Based on my experience, the 3070 works perfectly with the newest version of CUDA (12.1) and driver (530) but not for the 4080. Maybe the incompatibility between 40x GPUs and CUDA or driver causes this issue.

darkain84 commented 1 year ago

Even if follow the guide to install cuda=12.0.0-1, it upgrade the nvidia-driver to the latest one such as

  1. The reason is that cuda package depends on cuda-driver without a specific version, so it tries to install the latest cuda-driver and it upgrade the nvidia-driver.

I found a way to downgrade nvidia-driver and cuda packages and succeed to launch benchbot without GPU crash at 4080 GPU card. My solution is:

Uninstall cuda/nvidia-driver and install below packages manually before run benchbot install script.

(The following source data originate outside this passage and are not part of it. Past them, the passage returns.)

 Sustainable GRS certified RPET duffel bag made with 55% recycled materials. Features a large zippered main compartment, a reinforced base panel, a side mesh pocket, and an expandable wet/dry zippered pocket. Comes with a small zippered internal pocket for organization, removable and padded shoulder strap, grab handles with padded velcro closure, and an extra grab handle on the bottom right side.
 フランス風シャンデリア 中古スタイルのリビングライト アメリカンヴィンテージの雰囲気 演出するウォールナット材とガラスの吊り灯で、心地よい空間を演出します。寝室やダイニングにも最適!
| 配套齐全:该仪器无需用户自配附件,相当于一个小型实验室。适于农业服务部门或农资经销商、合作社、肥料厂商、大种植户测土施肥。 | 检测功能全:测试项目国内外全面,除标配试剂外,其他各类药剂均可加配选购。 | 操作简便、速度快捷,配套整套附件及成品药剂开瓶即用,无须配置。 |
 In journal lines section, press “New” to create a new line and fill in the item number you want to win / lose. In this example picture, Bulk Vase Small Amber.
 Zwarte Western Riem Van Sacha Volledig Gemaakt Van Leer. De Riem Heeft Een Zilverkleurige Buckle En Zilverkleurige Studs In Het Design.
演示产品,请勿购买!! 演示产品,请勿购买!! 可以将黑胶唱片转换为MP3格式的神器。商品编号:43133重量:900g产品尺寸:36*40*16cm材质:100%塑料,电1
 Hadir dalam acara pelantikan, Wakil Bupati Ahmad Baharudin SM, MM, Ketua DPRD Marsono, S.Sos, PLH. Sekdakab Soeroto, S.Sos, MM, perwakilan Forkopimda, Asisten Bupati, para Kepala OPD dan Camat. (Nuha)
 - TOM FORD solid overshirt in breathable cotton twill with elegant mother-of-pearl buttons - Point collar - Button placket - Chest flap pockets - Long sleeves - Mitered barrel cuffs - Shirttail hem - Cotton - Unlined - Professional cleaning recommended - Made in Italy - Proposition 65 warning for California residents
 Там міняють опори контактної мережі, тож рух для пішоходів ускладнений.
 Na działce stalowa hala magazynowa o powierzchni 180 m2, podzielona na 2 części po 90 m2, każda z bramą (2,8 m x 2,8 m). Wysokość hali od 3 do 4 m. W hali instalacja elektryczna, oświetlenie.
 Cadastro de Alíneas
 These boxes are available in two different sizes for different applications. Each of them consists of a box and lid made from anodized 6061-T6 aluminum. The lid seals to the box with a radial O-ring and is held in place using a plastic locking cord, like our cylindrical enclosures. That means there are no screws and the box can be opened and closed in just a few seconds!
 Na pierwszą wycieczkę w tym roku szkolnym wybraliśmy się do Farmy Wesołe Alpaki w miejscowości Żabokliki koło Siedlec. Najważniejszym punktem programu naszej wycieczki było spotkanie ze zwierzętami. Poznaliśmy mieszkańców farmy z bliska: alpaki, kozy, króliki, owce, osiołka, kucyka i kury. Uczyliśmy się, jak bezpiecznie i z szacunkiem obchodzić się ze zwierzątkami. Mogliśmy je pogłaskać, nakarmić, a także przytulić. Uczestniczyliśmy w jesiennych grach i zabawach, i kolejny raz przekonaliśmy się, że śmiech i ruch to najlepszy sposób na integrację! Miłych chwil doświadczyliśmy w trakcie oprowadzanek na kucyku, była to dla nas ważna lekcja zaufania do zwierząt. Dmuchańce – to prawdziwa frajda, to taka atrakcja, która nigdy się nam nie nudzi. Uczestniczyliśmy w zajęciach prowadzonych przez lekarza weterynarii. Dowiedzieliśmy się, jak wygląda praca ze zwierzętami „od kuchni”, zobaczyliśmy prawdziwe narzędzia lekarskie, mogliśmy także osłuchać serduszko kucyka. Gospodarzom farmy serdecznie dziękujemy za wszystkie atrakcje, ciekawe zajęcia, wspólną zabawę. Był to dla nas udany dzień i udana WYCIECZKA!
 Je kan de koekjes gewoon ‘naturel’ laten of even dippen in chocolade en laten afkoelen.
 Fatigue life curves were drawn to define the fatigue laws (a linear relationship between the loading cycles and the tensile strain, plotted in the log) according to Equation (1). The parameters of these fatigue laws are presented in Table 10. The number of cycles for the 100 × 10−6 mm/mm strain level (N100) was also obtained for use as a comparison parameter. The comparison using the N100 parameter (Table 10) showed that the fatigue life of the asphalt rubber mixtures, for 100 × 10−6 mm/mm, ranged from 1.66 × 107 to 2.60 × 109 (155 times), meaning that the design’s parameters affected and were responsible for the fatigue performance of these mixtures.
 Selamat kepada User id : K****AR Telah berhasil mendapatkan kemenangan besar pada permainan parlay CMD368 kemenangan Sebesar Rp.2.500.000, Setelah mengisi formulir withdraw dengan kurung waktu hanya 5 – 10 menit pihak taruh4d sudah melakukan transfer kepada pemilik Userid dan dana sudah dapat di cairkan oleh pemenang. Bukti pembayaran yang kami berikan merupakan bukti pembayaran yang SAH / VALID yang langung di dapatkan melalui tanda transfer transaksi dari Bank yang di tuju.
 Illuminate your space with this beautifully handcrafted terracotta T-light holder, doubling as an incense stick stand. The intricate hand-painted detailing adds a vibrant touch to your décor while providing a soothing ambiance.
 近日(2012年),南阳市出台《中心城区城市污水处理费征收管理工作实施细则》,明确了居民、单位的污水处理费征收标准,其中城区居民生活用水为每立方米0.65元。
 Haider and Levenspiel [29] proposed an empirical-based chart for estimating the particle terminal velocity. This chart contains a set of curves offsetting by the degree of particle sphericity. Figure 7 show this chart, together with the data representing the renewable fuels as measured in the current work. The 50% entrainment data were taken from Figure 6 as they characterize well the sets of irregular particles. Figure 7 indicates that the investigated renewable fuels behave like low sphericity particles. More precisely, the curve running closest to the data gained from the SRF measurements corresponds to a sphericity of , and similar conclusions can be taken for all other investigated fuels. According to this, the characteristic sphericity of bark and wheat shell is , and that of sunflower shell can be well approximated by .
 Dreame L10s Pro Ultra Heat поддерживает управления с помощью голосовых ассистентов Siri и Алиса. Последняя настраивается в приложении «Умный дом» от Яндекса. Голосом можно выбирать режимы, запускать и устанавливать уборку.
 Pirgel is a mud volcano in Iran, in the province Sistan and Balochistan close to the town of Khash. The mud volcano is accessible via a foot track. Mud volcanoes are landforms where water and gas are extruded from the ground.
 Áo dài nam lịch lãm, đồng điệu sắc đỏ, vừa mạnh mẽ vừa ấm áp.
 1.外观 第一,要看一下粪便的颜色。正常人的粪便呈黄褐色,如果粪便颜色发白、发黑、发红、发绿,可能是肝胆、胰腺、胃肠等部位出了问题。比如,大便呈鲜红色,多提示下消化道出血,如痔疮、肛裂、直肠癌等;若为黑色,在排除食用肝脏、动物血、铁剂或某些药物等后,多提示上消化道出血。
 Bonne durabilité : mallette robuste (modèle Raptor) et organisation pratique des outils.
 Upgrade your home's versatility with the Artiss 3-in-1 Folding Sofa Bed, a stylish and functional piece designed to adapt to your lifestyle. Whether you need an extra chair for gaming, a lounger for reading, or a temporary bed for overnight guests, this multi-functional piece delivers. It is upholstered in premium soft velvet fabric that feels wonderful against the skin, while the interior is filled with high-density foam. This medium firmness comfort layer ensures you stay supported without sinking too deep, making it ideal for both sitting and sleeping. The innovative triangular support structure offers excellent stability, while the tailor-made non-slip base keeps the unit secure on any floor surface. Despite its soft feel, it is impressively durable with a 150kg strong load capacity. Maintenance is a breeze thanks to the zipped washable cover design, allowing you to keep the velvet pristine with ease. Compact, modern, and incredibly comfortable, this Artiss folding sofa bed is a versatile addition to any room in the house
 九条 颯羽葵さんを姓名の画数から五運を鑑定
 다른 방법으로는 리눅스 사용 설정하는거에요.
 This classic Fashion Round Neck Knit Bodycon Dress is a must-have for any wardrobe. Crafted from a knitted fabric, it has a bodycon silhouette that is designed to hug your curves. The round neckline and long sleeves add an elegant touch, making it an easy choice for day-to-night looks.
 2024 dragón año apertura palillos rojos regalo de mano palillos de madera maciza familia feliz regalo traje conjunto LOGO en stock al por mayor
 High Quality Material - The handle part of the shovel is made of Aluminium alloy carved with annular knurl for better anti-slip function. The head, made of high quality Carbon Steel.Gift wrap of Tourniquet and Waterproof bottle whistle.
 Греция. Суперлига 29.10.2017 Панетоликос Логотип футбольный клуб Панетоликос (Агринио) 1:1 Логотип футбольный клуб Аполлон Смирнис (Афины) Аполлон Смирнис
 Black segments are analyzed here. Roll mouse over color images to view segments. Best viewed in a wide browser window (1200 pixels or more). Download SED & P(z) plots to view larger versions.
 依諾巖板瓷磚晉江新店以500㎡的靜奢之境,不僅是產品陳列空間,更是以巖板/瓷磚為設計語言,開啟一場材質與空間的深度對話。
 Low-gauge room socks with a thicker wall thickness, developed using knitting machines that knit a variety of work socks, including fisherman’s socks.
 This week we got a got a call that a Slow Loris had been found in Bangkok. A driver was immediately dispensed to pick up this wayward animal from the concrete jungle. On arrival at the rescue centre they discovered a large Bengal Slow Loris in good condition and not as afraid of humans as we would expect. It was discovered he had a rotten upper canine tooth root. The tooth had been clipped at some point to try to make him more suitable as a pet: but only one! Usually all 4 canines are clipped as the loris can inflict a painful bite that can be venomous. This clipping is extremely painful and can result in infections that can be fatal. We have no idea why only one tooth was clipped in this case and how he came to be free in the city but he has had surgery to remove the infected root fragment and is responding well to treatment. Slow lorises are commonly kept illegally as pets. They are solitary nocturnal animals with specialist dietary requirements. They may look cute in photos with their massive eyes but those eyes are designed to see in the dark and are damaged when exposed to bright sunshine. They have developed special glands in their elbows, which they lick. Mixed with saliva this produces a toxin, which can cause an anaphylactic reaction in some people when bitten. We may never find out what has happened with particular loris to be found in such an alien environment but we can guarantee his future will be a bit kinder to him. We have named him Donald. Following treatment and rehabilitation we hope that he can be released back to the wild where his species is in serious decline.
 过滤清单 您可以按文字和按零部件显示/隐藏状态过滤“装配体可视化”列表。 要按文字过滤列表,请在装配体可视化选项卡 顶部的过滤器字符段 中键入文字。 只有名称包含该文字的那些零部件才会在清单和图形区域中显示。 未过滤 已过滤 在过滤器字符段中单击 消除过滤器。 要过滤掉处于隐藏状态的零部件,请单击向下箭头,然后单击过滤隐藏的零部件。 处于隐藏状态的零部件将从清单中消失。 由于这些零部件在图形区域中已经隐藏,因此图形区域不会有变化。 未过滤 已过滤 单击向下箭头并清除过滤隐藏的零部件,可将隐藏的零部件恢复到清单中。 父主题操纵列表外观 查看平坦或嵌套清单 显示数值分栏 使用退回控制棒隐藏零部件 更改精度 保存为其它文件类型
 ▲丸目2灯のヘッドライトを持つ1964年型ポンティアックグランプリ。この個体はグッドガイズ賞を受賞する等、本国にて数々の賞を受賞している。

# Install nvidia-driver 525
$ sudo apt install nvidia-driver-525
# Check the latest cuda-drivers for 525 (e.g. 525.125.06-1) at 
# https://developer.download.nvidia.com/compute/cuda/repos/ubuntu2004/x86_64/ and install it.
$ sudo apt install cuda-drivers=525.125.06-1
# Run benchbot installer
$ ./install or benchbot_install

I hope that it will be help to others who use 40xx graphic card.

david2611 commented 1 year ago

Thanks @darkain84 for pinging this issue again. I have just pushed an update to benchbot_install to try and fix the cuda driver/cuda version issues that people have been encountering.

If someone with hardware known to cause the crashes could you please try a fresh install (without pre-existing cuda and nvidia drivers) and confirm that this problem has been resolved?